The data contains all orders made on the shopping app from January 1st 2021 upto February 15th, 2021. The data contains 29774 order.
Both train and test set contains order during the same period (1/1/2021), test set has exactly the same structure as train set except for the target class column “Purchase Again” which is only included in the train set clearly.
Note that one order can contain multiple order items and is made by only one customer. Each order item is a row in the dataset.
The sample submission file contains all the customers ID in the test with a target column that has been initially set to 0. You should put your predictions in this column.
Files available for download:
-
Train.csv - contains the target variable “Purchase Again”. This is the dataset that you will use to train your model.
-
Test.csv- resembles Train.csv but without the target-related columns. This is the dataset on which you will apply your model to.
-
SampleSubmission.csv - shows the submission format for this competition, with the ‘Customer’ column mirroring that of Test.csv and the ‘Target’ column containing your predictions . The order of the rows does not matter, but the names of the ‘Customers’ must be correct.
Variable definitions
- Order ID: ID of the order
- Order Status: whether an order has been Completed, rejected or another status.

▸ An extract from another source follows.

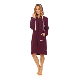 Dámsky župan 7107 Doctornap - bordová farba - vyrobený z kvalitnej bavlny - dlhé rukávy - pohodlné vrecká na bokoch - zapínanie na zips - s kapucňou - sťahovacia šnúrka s logom - certifikát OEKO-TEX Standard 100
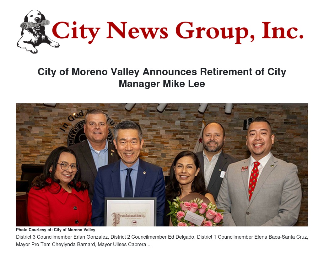 City of Moreno Valley Announces Retirement of City Manager Mike Lee by William Cortez - City News Group, Inc.

- Category Name: Category name of each product that has been ordered
- Product Name: Name of each product that has been ordered (in French)
- Quantity: Quantity of the product in an order.

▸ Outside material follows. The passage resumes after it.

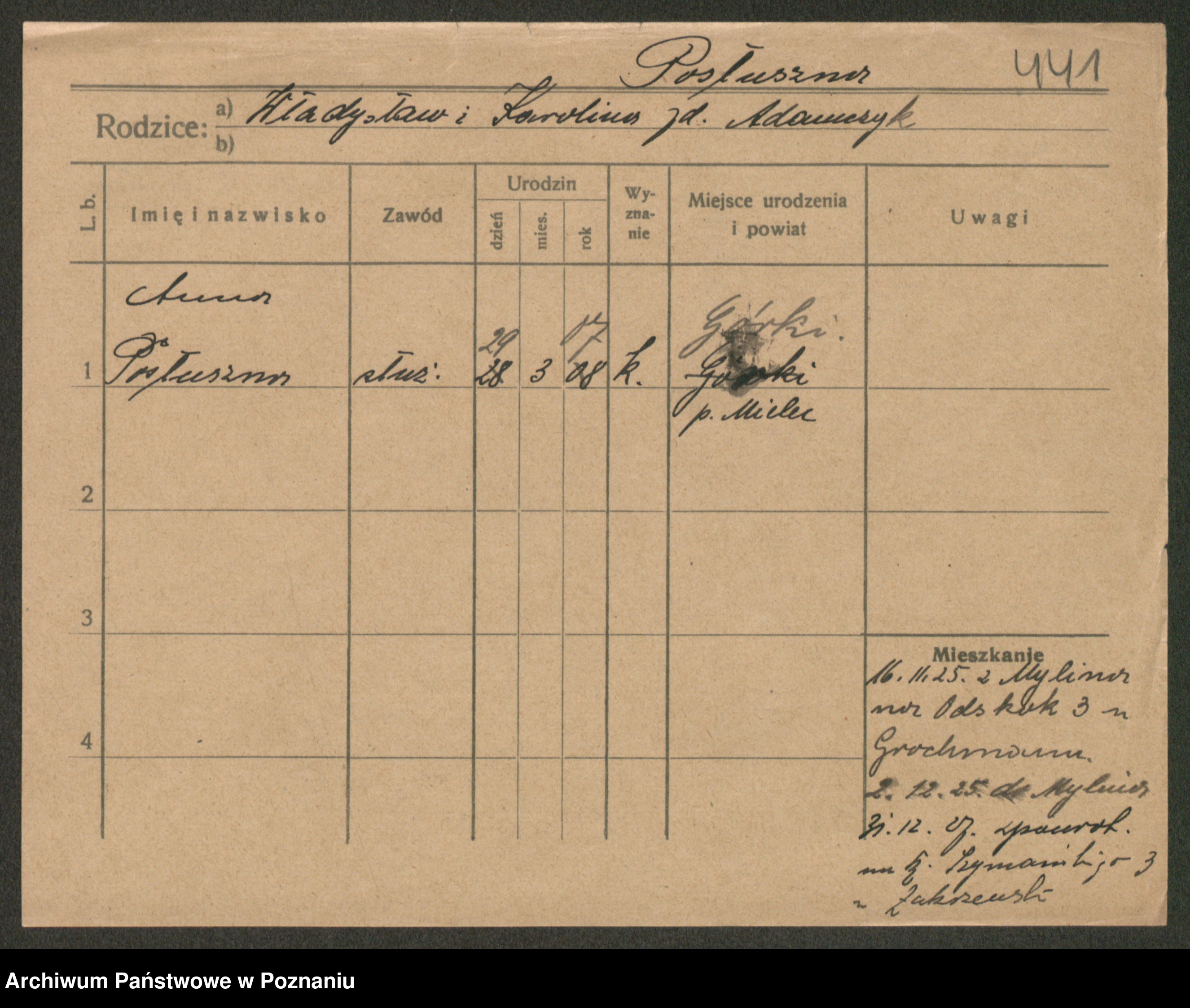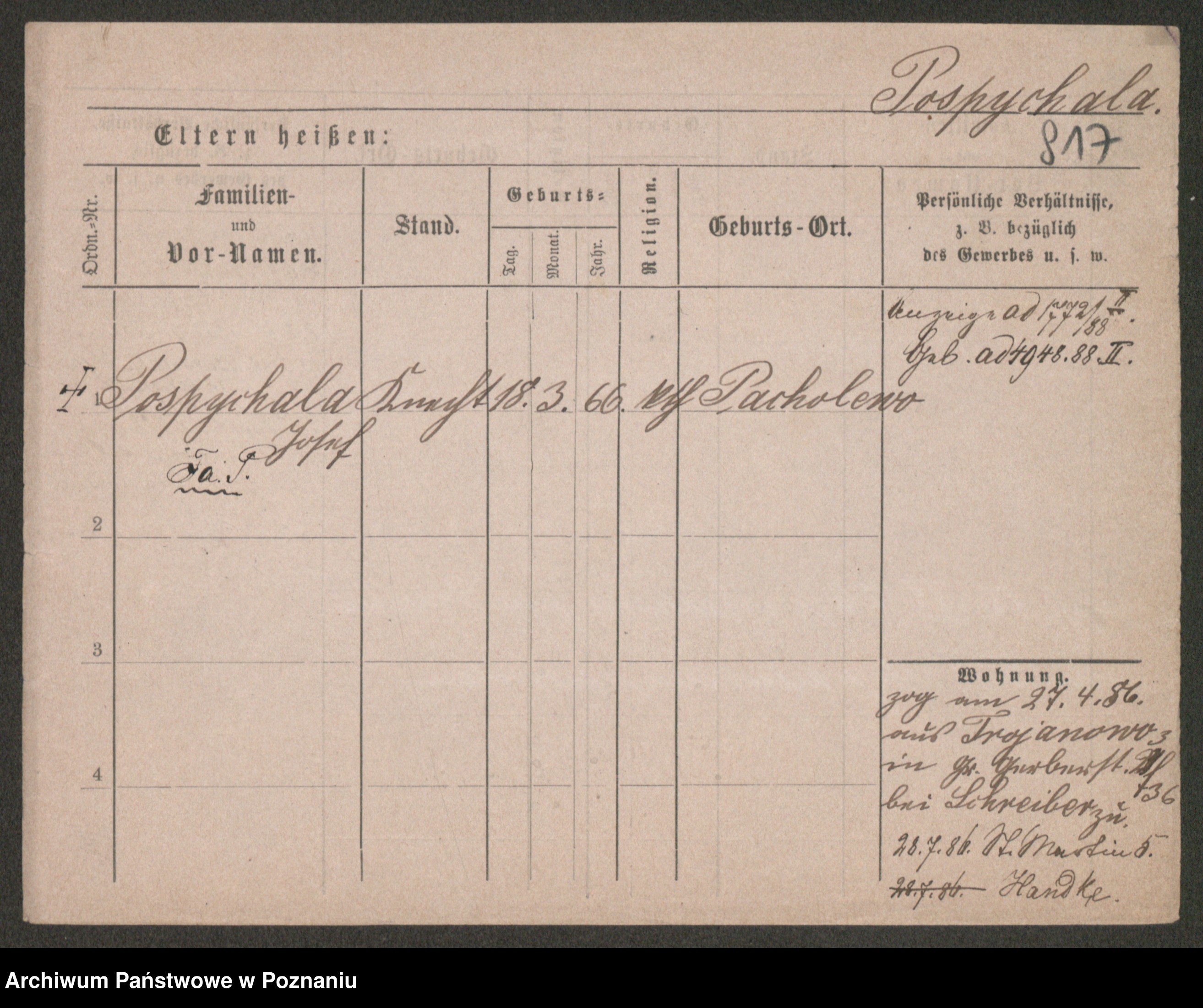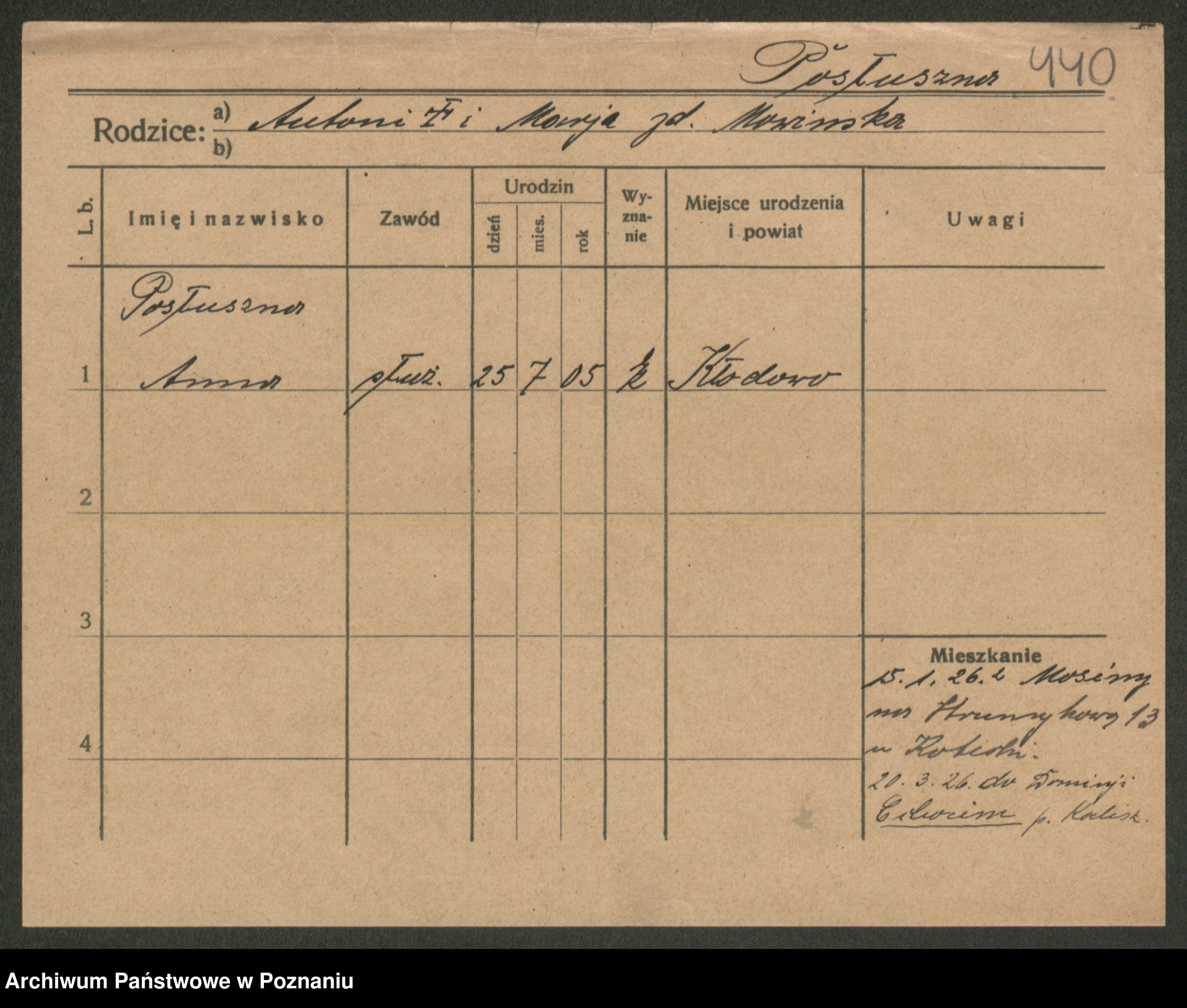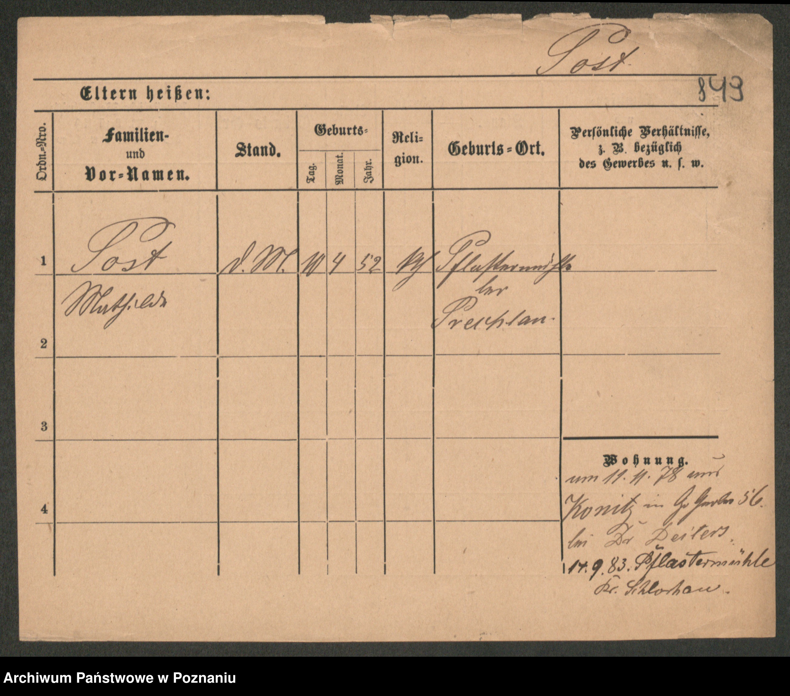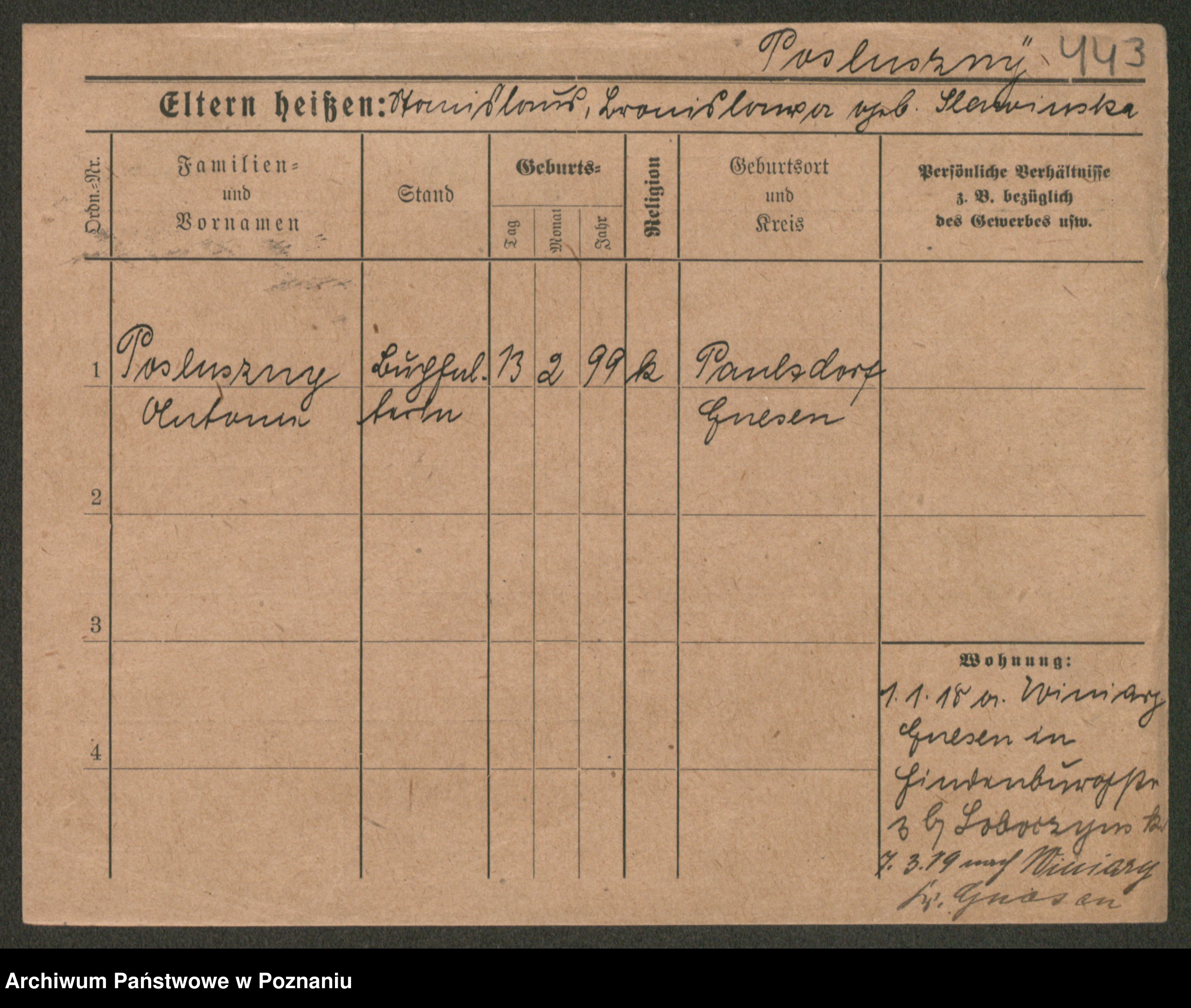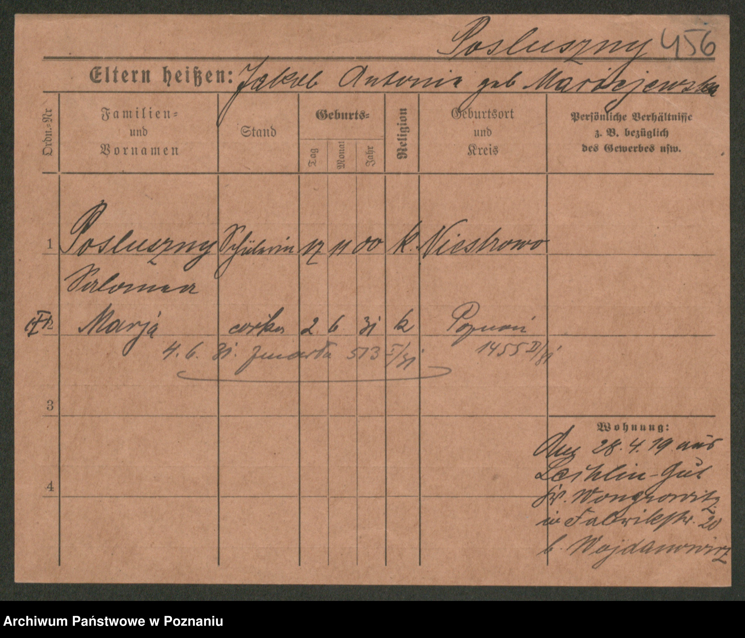 Post z d. Ptasinska, Antonina

- Unit Price: unit price of the product.
- Total Price: Unit Price*Quantity of an order item
- Subtotal: Total of the whole order (sum of total price for each order item).

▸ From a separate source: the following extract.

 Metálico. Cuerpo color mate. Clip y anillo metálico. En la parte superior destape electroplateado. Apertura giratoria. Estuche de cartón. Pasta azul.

- Payment Method: Method of payment of the order, ex : cash or by card for example.
- Customer ID: ID of the customer who made the order.
- Merchant: ID of the seller/merchant of the product (order item).
- Order Time: The exact date & time when the order has been made.
- Customer Country: country of customer, “Algeria” mostly.
- Purchase Again: target variable, available only in “train.csv”, 1 corresponds to that the customer will make a new purchase after february 15th, 0 else.